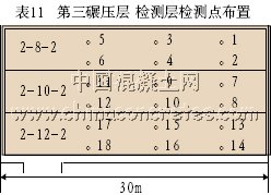 第三碾壓層檢測層檢測點布置(表11)。
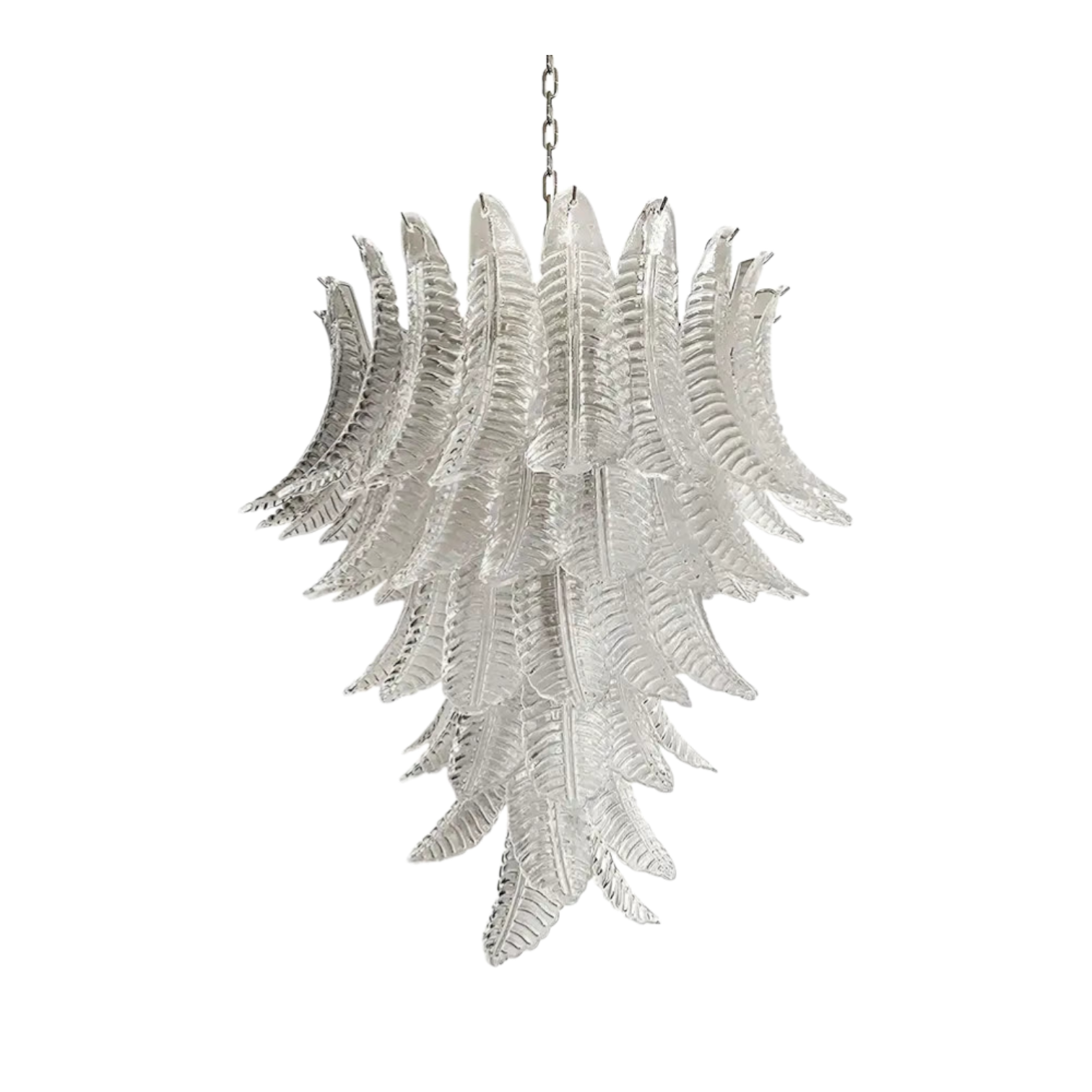The Ottaviana Murano Clear Glass Chandelier by SMITH&SMITH features delicate and captivating pieces of glass leaves meticulously arranged into a blooming floral cascade. The piece gives a soft, rosy glow, perfect for bedrooms or cosy living spaces.
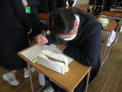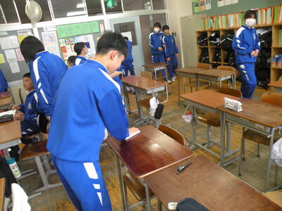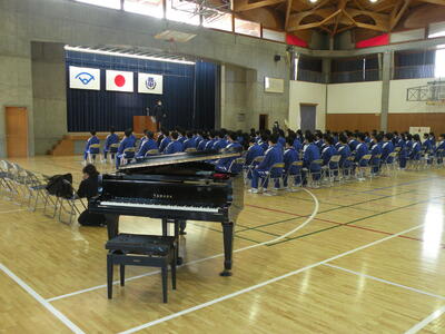 3年生、卒業式の練習が行われました。すばらしい態度と行動でした。そのすばらしさについては、卒業式当日まで楽しみにしていてください。
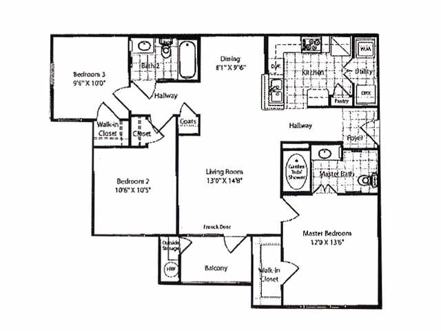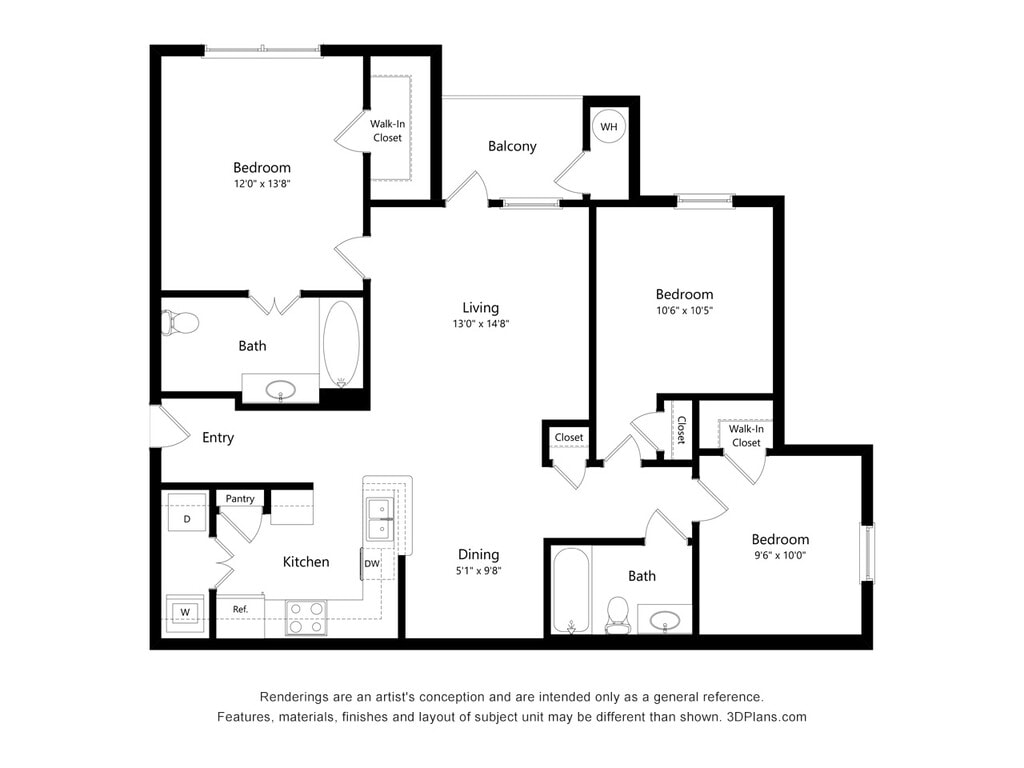 Modelo de apartamento: Three BedroomDesde $1,2473 Dormitorios, 2 Baños, 1109 sq ftDisponible December 1, 2025![]()
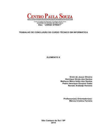 Centro Estadual de Educação Tecnológica Paula Souza GOVERNO DO ESTADO DE SÃO PAULO Etec “JORGE STREET” TRABALHO DE CONCLUSÃO DO CURSO TÉCNICO EM INFORMÁTICA ELEMENTO X Erick de Jesus Oliveira Henrique Hirota dos Santos Matheus Meira Izidio dos Santos Pedro Henrique Dovansi Gatto Renato Arabadji Honório Professor(es) Orientador(es): Márcia Cristina Ferreira São Caetano do Sul / SP 2014 ELEMENTO X Trabalho de Conclusão de Curso apresentado como pré-requisito para obtenção do Diploma de Técnico em informática. São Caetano do Sul / SP 2014 DEDICATÓRIA Dedicamos este trabalho aos nossos professores e colegas de sala. AGRADECIMENTOS Agradecemos especialmente nossos professores em especial: Fernando, Fábio, Carlos, Damélio, Márcia, Valéria, Suely, Nelson e Simone que nos auxiliaram e nos dedicaram parte de seu tempo para a nossa atenção. Sendo nossos conselheiros, amigos e mestres. Colaborando extremamente com o nosso projeto. RESUMO Projeto na área de jogos com a função de exercitar e desenvolver a parte do raciocínio lógico e mental. O jogo Elemento X foi programado em linguagem C na plataforma M.U.G.E.N. ,com uma história desafiadora e uma série de imagens desenhadas e atribuídas a cada função o jogo animado consegue atrair a atenção do usuário proporcionando uma experiência divertida onde ele ganha a função de controlar o personagem que pode executar socos, chutes entre outros movimentos fazendo com que no decorrer do jogo o usuário comece a racionar o que deve ser feito para derrotar um inimigo além de treinar a parte do reflexo para que os dedos da mão possam transmitir através dos controles os movimentos que foram pensados. Palavras-chave: entretenimento; desenvolvimento; raciocínio. " Aqui no entanto nós não olhamos para trás por muito tempo, Nós continuamos seguindo em frente, abrindo novas portas e fazendo coisas novas,Porque somos curiosos... e a curiosidade continua nos conduzindo por novos caminhos. Siga em frente." Walt Disney LISTA DE FIGURAS Figura 1 – Tabela do Ranking ................................................................................... 11 Figura 2 – Programação do jogo ............................................................................... 20 Figura 3 – Modelagem do personagem ..................................................................... 21 Figura 4 – Conjunção ................................................................................................ 22 Figura 5 – Seleção de cores do personagem para o fundo ....................................... 23 Figura 6 – Menu ........................................................................................................ 24 Figura 7 – Tela do modo história ............................................................................... 25 Figura 8 – Tela modo Versus .................................................................................... 26 Figura 9 – Tela equipe arcade................................................................................... 27 Figura 10 – Tela equipe Versus ................................................................................ 28 Figura 11 – Tela equipe co-op................................................................................... 29 Figura 12 – Tela modo sobrevivência ....................................................................... 30 Figura 13 – Tela modo sobrevivência co-op.............................................................. 31 Figura 14 – Tela modo treinamento .......................................................................... 32 Figura 16 – Assistir partida ........................................................................................ 33 Figura 16 – Tela de opções ....................................................................................... 34 Sumário Introdução ................................................................................................................... 8 Abstract ....................................................................................................................... 9 Tema e delimitação ................................................................................................... 10 Objetivos ................................................................................................................... 10 Justificativa ................................................................................................................ 10 Metodologia ............................................................................................................... 10 Dificuldades Linguagem Estudada Principal Desenvolvimento 1 – Mercado de jogos ................................................................................................ 11 1.1 – No Brasil ........................................................................................................ 11 1.2 – Estatísticas do mercado ................................................................................ 11 1.3 – Mercado de trabalho...................................................................................... 12 2 – Consoles e afins .................................................................................................. 14 2.1 – Consoles na liderança ................................................................................... 14 2.2 – Pirataria ......................................................................................................... 14 2.3 – Consumo ....................................................................................................... 14 2.4 – Empresas presentes atualmente envolvidas no mercado ............................. 15 3 – Jogos mais populare no Brasil ............................................................................ 16 3.1 – Importância dos jogos ...................................
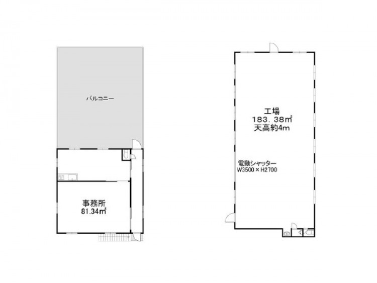 | 物件詳細 | 1階:約183.38㎡、2階:約81.34㎡ 1階天井高:3.97m シャッター高さ2.7m、幅3.5m |
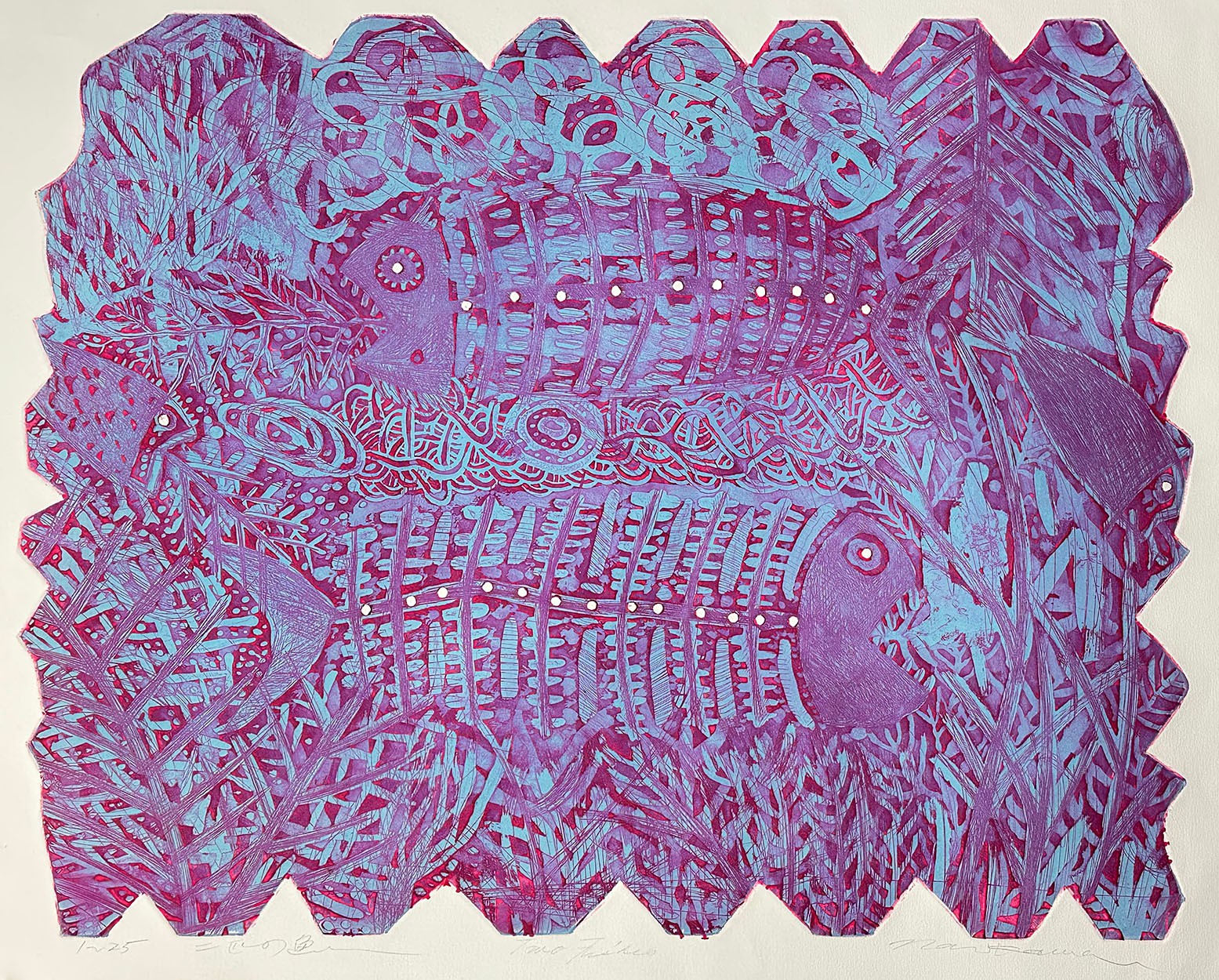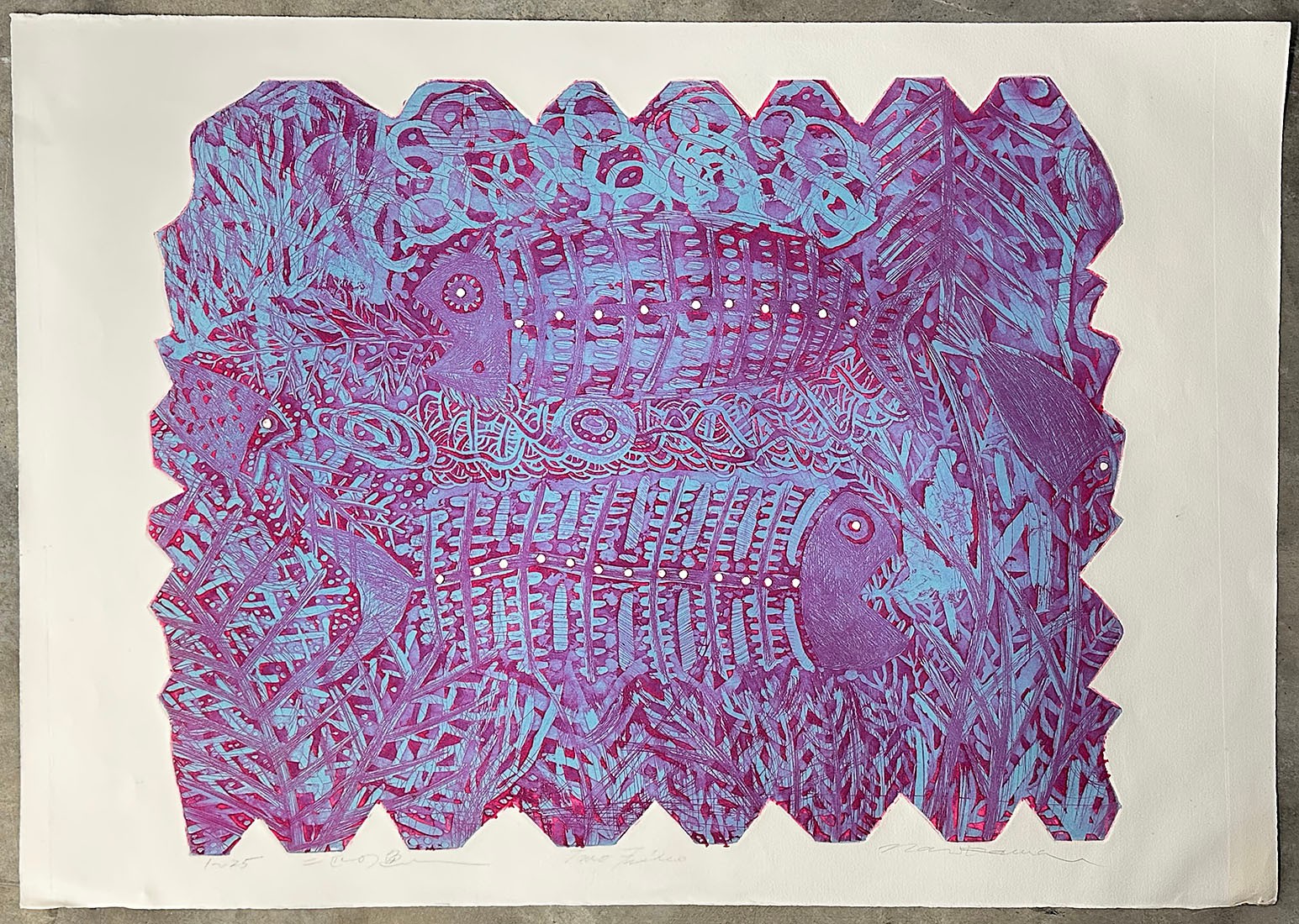 1970's Shigeru Narikawa (Japan, B. 1946) Aquatint Etching "Two Fishes". Signed and Titled in pencil by the artist. Edition Size: 25. In Good Condition. Unframed. Great Colors. Measurements: 27" x 38.5" (paper)
──────
A faithful, complete copy of the entries is required, without the pictures.

 第三碾壓層檢測層檢測點布置(表11)。
The Ottaviana Murano Clear Glass Chandelier by SMITH&SMITH features delicate and captivating pieces of glass leaves meticulously arranged into a blooming floral cascade. The piece gives a soft, rosy glow, perfect for bedrooms or cosy living spaces.
 3年生、卒業式の練習が行われました。すばらしい態度と行動でした。そのすばらしさについては、卒業式当日まで楽しみにしていてください。
 Modelo de apartamento: Three BedroomDesde $1,2473 Dormitorios, 2 Baños, 1109 sq ftDisponible December 1, 2025![]()
 Centro Estadual de Educação Tecnológica Paula Souza GOVERNO DO ESTADO DE SÃO PAULO Etec “JORGE STREET” TRABALHO DE CONCLUSÃO DO CURSO TÉCNICO EM INFORMÁTICA ELEMENTO X Erick de Jesus Oliveira Henrique Hirota dos Santos Matheus Meira Izidio dos Santos Pedro Henrique Dovansi Gatto Renato Arabadji Honório Professor(es) Orientador(es): Márcia Cristina Ferreira São Caetano do Sul / SP 2014 ELEMENTO X Trabalho de Conclusão de Curso apresentado como pré-requisito para obtenção do Diploma de Técnico em informática. São Caetano do Sul / SP 2014 DEDICATÓRIA Dedicamos este trabalho aos nossos professores e colegas de sala. AGRADECIMENTOS Agradecemos especialmente nossos professores em especial: Fernando, Fábio, Carlos, Damélio, Márcia, Valéria, Suely, Nelson e Simone que nos auxiliaram e nos dedicaram parte de seu tempo para a nossa atenção. Sendo nossos conselheiros, amigos e mestres. Colaborando extremamente com o nosso projeto. RESUMO Projeto na área de jogos com a função de exercitar e desenvolver a parte do raciocínio lógico e mental. O jogo Elemento X foi programado em linguagem C na plataforma M.U.G.E.N. ,com uma história desafiadora e uma série de imagens desenhadas e atribuídas a cada função o jogo animado consegue atrair a atenção do usuário proporcionando uma experiência divertida onde ele ganha a função de controlar o personagem que pode executar socos, chutes entre outros movimentos fazendo com que no decorrer do jogo o usuário comece a racionar o que deve ser feito para derrotar um inimigo além de treinar a parte do reflexo para que os dedos da mão possam transmitir através dos controles os movimentos que foram pensados. Palavras-chave: entretenimento; desenvolvimento; raciocínio. " Aqui no entanto nós não olhamos para trás por muito tempo, Nós continuamos seguindo em frente, abrindo novas portas e fazendo coisas novas,Porque somos curiosos... e a curiosidade continua nos conduzindo por novos caminhos. Siga em frente." Walt Disney LISTA DE FIGURAS Figura 1 – Tabela do Ranking ................................................................................... 11 Figura 2 – Programação do jogo ............................................................................... 20 Figura 3 – Modelagem do personagem ..................................................................... 21 Figura 4 – Conjunção ................................................................................................ 22 Figura 5 – Seleção de cores do personagem para o fundo ....................................... 23 Figura 6 – Menu ........................................................................................................ 24 Figura 7 – Tela do modo história ............................................................................... 25 Figura 8 – Tela modo Versus .................................................................................... 26 Figura 9 – Tela equipe arcade................................................................................... 27 Figura 10 – Tela equipe Versus ................................................................................ 28 Figura 11 – Tela equipe co-op................................................................................... 29 Figura 12 – Tela modo sobrevivência ....................................................................... 30 Figura 13 – Tela modo sobrevivência co-op.............................................................. 31 Figura 14 – Tela modo treinamento .......................................................................... 32 Figura 16 – Assistir partida ........................................................................................ 33 Figura 16 – Tela de opções ....................................................................................... 34 Sumário Introdução ................................................................................................................... 8 Abstract ....................................................................................................................... 9 Tema e delimitação ................................................................................................... 10 Objetivos ................................................................................................................... 10 Justificativa ................................................................................................................ 10 Metodologia ............................................................................................................... 10 Dificuldades Linguagem Estudada Principal Desenvolvimento 1 – Mercado de jogos ................................................................................................ 11 1.1 – No Brasil ........................................................................................................ 11 1.2 – Estatísticas do mercado ................................................................................ 11 1.3 – Mercado de trabalho...................................................................................... 12 2 – Consoles e afins .................................................................................................. 14 2.1 – Consoles na liderança ................................................................................... 14 2.2 – Pirataria ......................................................................................................... 14 2.3 – Consumo ....................................................................................................... 14 2.4 – Empresas presentes atualmente envolvidas no mercado ............................. 15 3 – Jogos mais populare no Brasil ............................................................................ 16 3.1 – Importância dos jogos ...................................
 | 物件詳細 | 1階:約183.38㎡、2階:約81.34㎡ 1階天井高:3.97m シャッター高さ2.7m、幅3.5m |
 1970's Shigeru Narikawa (Japan, B. 1946) Aquatint Etching "Two Fishes". Signed and Titled in pencil by the artist. Edition Size: 25. In Good Condition. Unframed. Great Colors. Measurements: 27" x 38.5" (paper)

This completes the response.